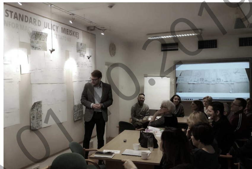
fot. 3. Warsztaty dla specjalistów z jednostek miejskich i wydziałów urzędu miejskiego – prezentacja efektów.

Na spotkaniu dla specjalistów z jednostek miejskich przedyskutowano dodatkowo możliwości tyczenia korytarzy infrastruktury poza ulicami. Większość zebranych wskazywała jednak złożony problem możliwej realizacji takiego pomysłu, a przede wszystkim skomplikowany i kosztowny proces przejmowania gruntów na takie cele. Uczestnicy dyskusji uznali za znacznie lepsze rozwiązanie - realizację kanałów infrastruktury w ramach pasów drogowych, chociaż przedstawiciele poszczególnych gestorów sieci zastrzegali, że nie byli przekonani czy konkretnie ich sieci powinny być w takich kanałach prowadzone.
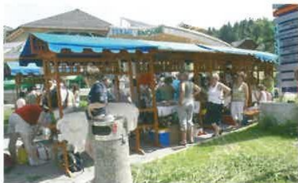
Na stojnicah so članice društva ponudile dobrote iz Tuhinjske doline.
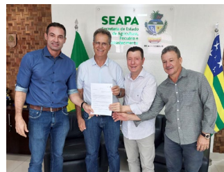
Barro Alto Prefeito Álvaro Machado
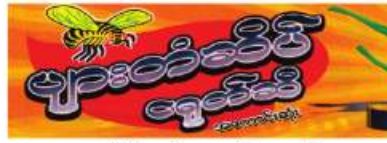
မှတ်ပုံတင်စာချုပ်အမှတ် (၄/၆၂၄၆/၂၀၂၂)
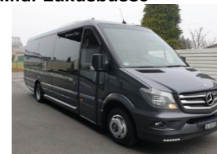
16-Pl. / Euro 6
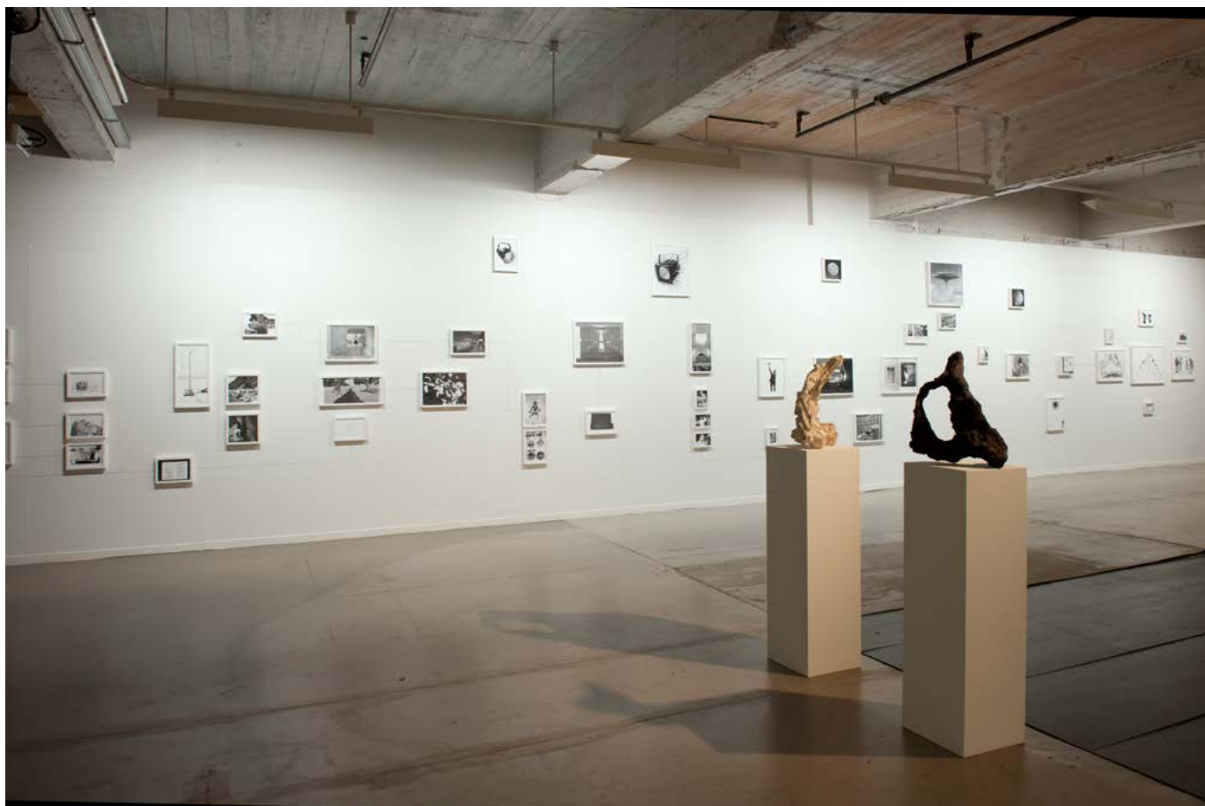
vue d'exposition L'Origine des choses , Collection du Centre National des Arts Plastiques, La CENTRALE, Bruxelles, du 7 mars au 9 juin 2013 exhibition view L'Origine des choses , Collection du Centre National des Arts Plastiques, La CENTRALE, Bruxelles, March 7th - June 9th 2013

■ Task details:
Apart from the pictures, every line of the data above should be given again exactly.

■ Answer to this task:
fot. 3. Warsztaty dla specjalistów z jednostek miejskich i wydziałów urzędu miejskiego – prezentacja efektów.

Na spotkaniu dla specjalistów z jednostek miejskich przedyskutowano dodatkowo możliwości tyczenia korytarzy infrastruktury poza ulicami. Większość zebranych wskazywała jednak złożony problem możliwej realizacji takiego pomysłu, a przede wszystkim skomplikowany i kosztowny proces przejmowania gruntów na takie cele. Uczestnicy dyskusji uznali za znacznie lepsze rozwiązanie - realizację kanałów infrastruktury w ramach pasów drogowych, chociaż przedstawiciele poszczególnych gestorów sieci zastrzegali, że nie byli przekonani czy konkretnie ich sieci powinny być w takich kanałach prowadzone.
Na stojnicah so članice društva ponudile dobrote iz Tuhinjske doline.
Barro Alto Prefeito Álvaro Machado
မှတ်ပုံတင်စာချုပ်အမှတ် (၄/၆၂၄၆/၂၀၂၂)
16-Pl. / Euro 6
vue d'exposition L'Origine des choses , Collection du Centre National des Arts Plastiques, La CENTRALE, Bruxelles, du 7 mars au 9 juin 2013 exhibition view L'Origine des choses , Collection du Centre National des Arts Plastiques, La CENTRALE, Bruxelles, March 7th - June 9th 2013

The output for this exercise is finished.